Across all human cultures, humans that are sick exhibit similar behavioural patterns. These include sleeping more, isolating from others, increased attention towards pain, and not eating as much. This general cluster is known as “sickness behaviour”. How much of these behaviours are genetically programmed vs learned is not fully understood. The “Eyam hypothesis” postulates that social isolation and not eating as much are genetically-programmed, and their purpose is to lower the chance that the infected organism spreads their disease to others. The evidence for this theory mainly comes from observing other social mammals. Mice, for instance, quarantine themselves when sick.
During the acute “sickness behaviour” phase, there’s no doubt over-exertion can make symptoms worse. It seems the brain will push back against exertion and fight to make sure you feel fatigued and conserve energy for your immune system.
A growing body of anecdotal evidence suggests that Long COVID (which is typically defined as one or more symptoms lasting more than 3 months) is often triggered by people who return to strenuous activity too quickly.

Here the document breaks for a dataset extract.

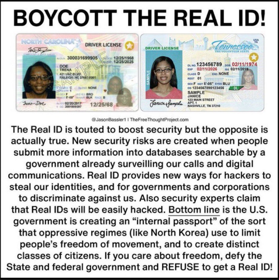 For those who are too damn lazy to research why REAL ID leads to their own enslavement, I’ll throw ya a bone… The REAL ID is an “internal (federal) passport” system just like the one they had in the Soviet Union, and currently have in North Korea. Now ask yourself… WHY is the United States Government FORCING its citizens participate in a COMMUNIST program which is in VIOLATION multiple Constitutional Amendments like the 4th and 10th? WHY is the Trump Administration moving forward with this UNCONSTITUTIONAL mess instead of putting a STOP TO IT? Still think it’s “just a drivers license”?

This could be due to the neural circuits of the PEM response becoming ingrained (the “false fatigue alarm” theory).
Furthermore, growing evidence suggests bits of COVID-19 virus can linger in the body for weeks. Many Long COVID patients exhibit the reactivation of Epstein-Barr virus. In animal models, Epstein-Barr reactivation is more likely under stressful conditions. This is another that exertion may trigger Long COVID — if you stress yourself out too much, Epstein-Barr reactivation can occur. About 90% of adults in the US have latent Epstein-Barr virus.
In my own case, I believe I had very likely had a mix of “false fatigue alarms” and Epstein-Barr reactivation — this seems to align the most closely with my experience.